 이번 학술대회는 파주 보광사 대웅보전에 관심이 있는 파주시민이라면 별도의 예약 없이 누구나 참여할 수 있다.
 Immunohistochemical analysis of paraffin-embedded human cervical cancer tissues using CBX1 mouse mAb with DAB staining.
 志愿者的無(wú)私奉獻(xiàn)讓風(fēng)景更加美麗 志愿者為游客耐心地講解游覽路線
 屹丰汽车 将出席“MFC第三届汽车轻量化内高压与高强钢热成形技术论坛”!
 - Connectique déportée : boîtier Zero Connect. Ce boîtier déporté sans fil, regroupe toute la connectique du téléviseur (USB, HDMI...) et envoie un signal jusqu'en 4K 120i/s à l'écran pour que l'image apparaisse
____
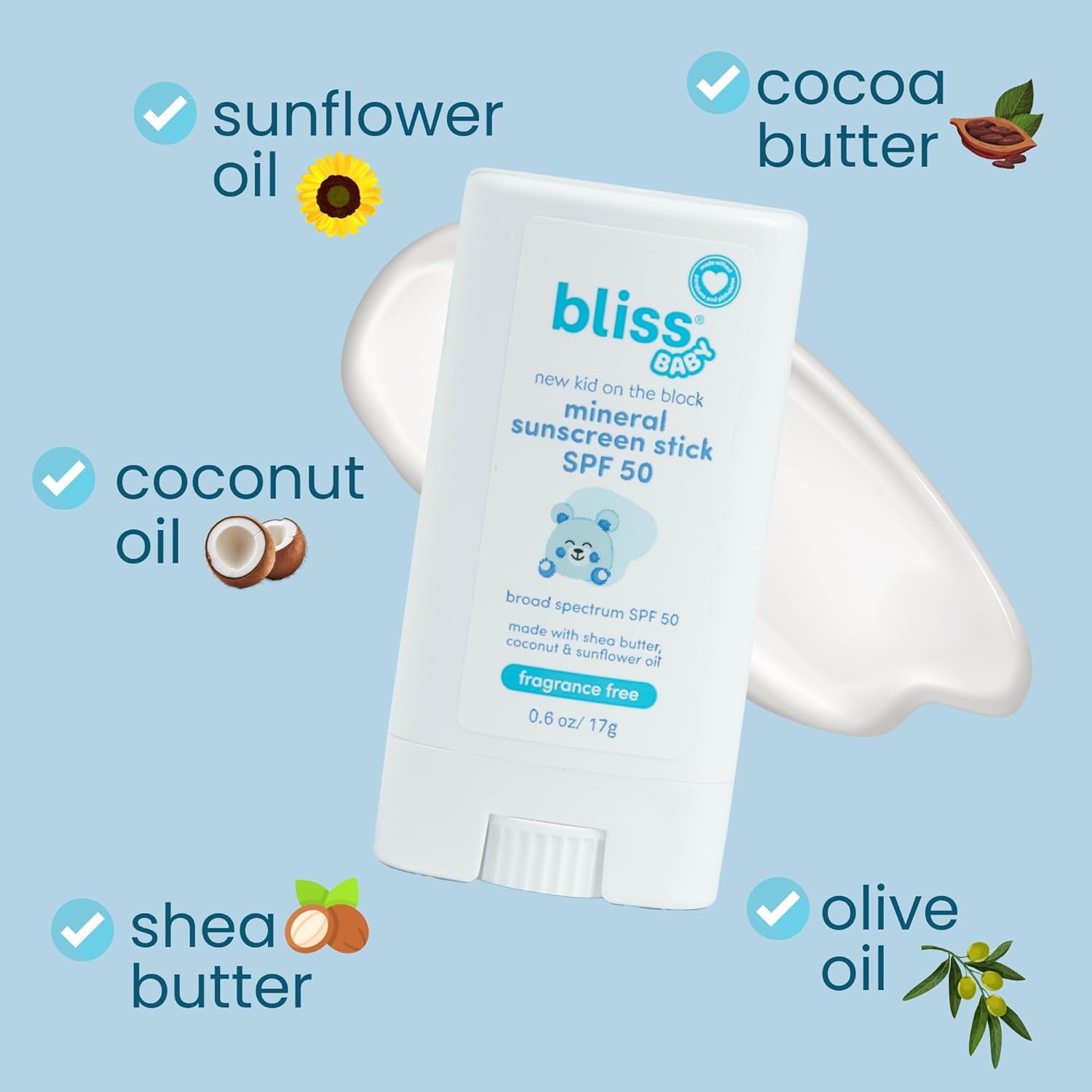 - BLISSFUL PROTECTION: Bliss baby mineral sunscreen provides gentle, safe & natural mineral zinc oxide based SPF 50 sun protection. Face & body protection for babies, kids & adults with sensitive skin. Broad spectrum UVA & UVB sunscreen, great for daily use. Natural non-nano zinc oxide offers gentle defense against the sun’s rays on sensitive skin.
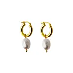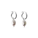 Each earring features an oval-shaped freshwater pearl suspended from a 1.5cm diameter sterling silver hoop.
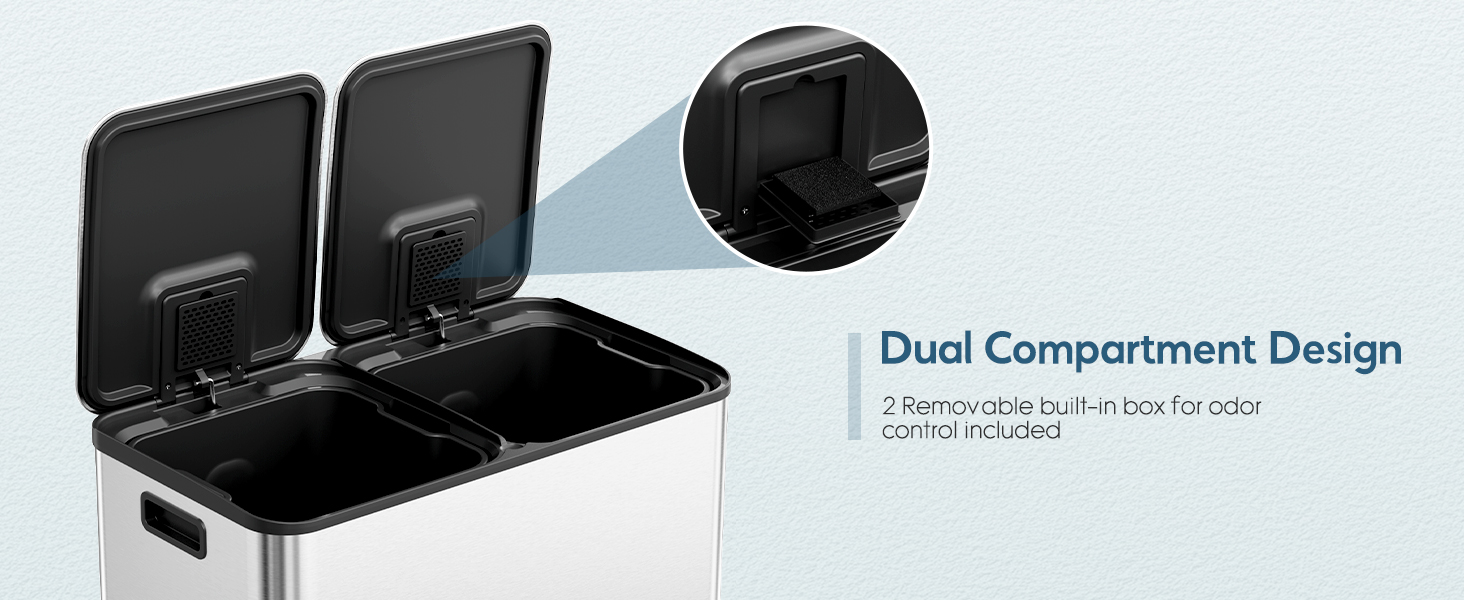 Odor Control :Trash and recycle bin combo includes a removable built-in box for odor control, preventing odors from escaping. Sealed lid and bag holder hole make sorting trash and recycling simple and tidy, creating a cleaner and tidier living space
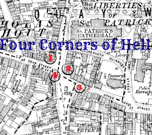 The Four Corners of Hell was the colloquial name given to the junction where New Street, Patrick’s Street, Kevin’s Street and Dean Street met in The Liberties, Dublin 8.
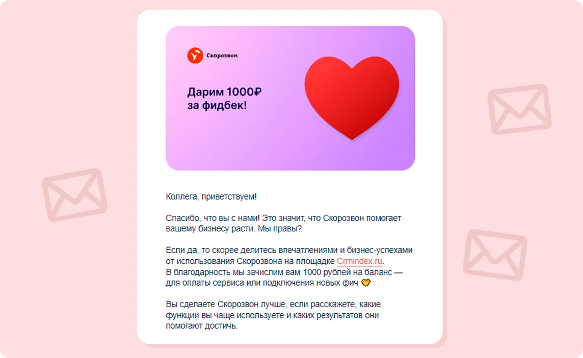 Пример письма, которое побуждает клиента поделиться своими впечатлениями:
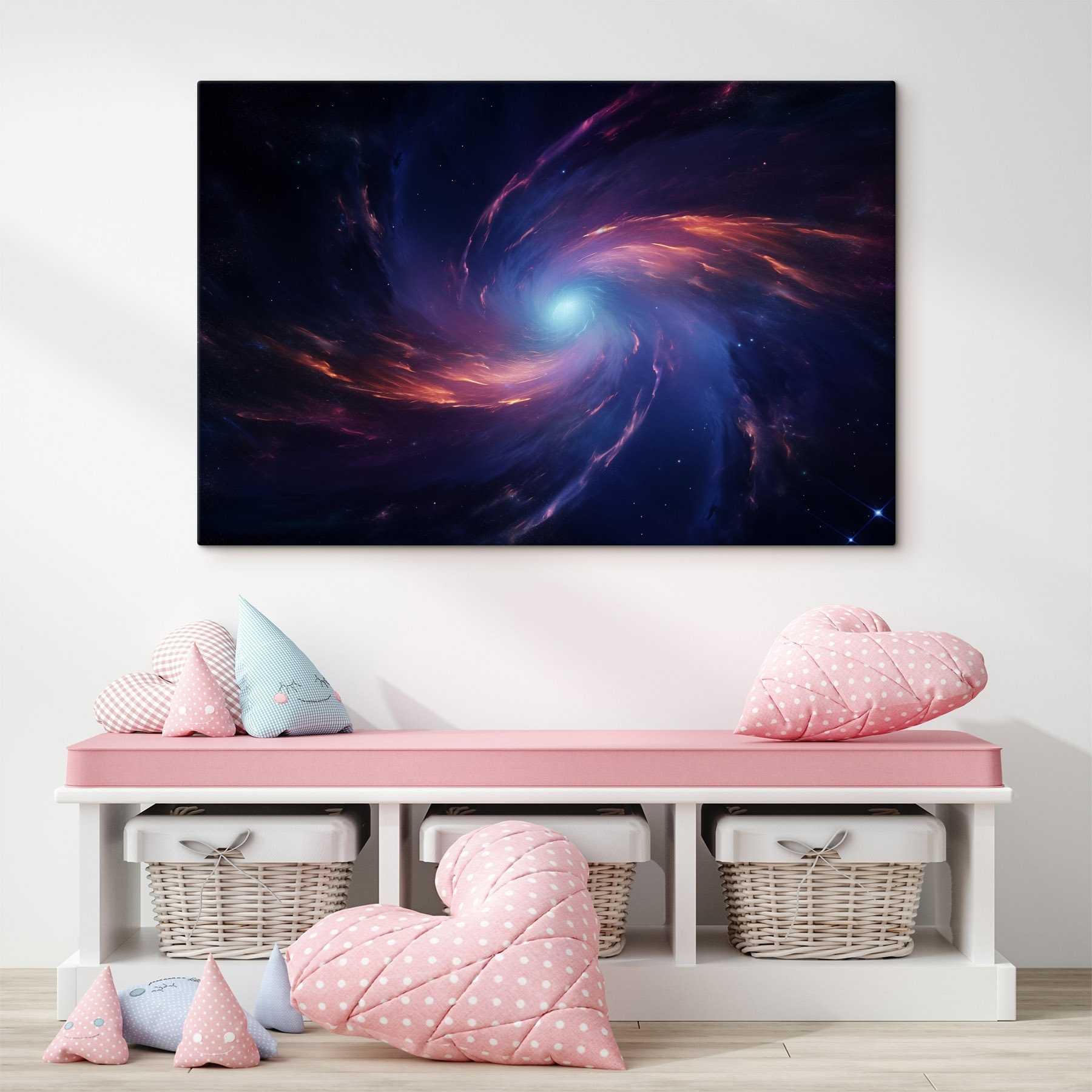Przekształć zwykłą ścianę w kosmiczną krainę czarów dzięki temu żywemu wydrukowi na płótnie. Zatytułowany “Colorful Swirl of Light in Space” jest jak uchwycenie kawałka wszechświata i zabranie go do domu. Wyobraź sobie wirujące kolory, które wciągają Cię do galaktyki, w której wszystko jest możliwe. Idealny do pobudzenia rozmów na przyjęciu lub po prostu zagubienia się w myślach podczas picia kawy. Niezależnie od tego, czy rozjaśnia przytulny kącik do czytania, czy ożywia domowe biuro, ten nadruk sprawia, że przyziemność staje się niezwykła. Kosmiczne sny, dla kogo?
____
# [WHAT TO WORK ON]
Taking the records above, print only and exactly the lines from the line with "- BLISSFUL PROTECTION: Bliss" to the line with "Each earring features", both kept, and exclude pictures.

# [EXERCISE RESPONSE]
 - BLISSFUL PROTECTION: Bliss baby mineral sunscreen provides gentle, safe & natural mineral zinc oxide based SPF 50 sun protection. Face & body protection for babies, kids & adults with sensitive skin. Broad spectrum UVA & UVB sunscreen, great for daily use. Natural non-nano zinc oxide offers gentle defense against the sun’s rays on sensitive skin.
 Each earring features an oval-shaped freshwater pearl suspended from a 1.5cm diameter sterling silver hoop.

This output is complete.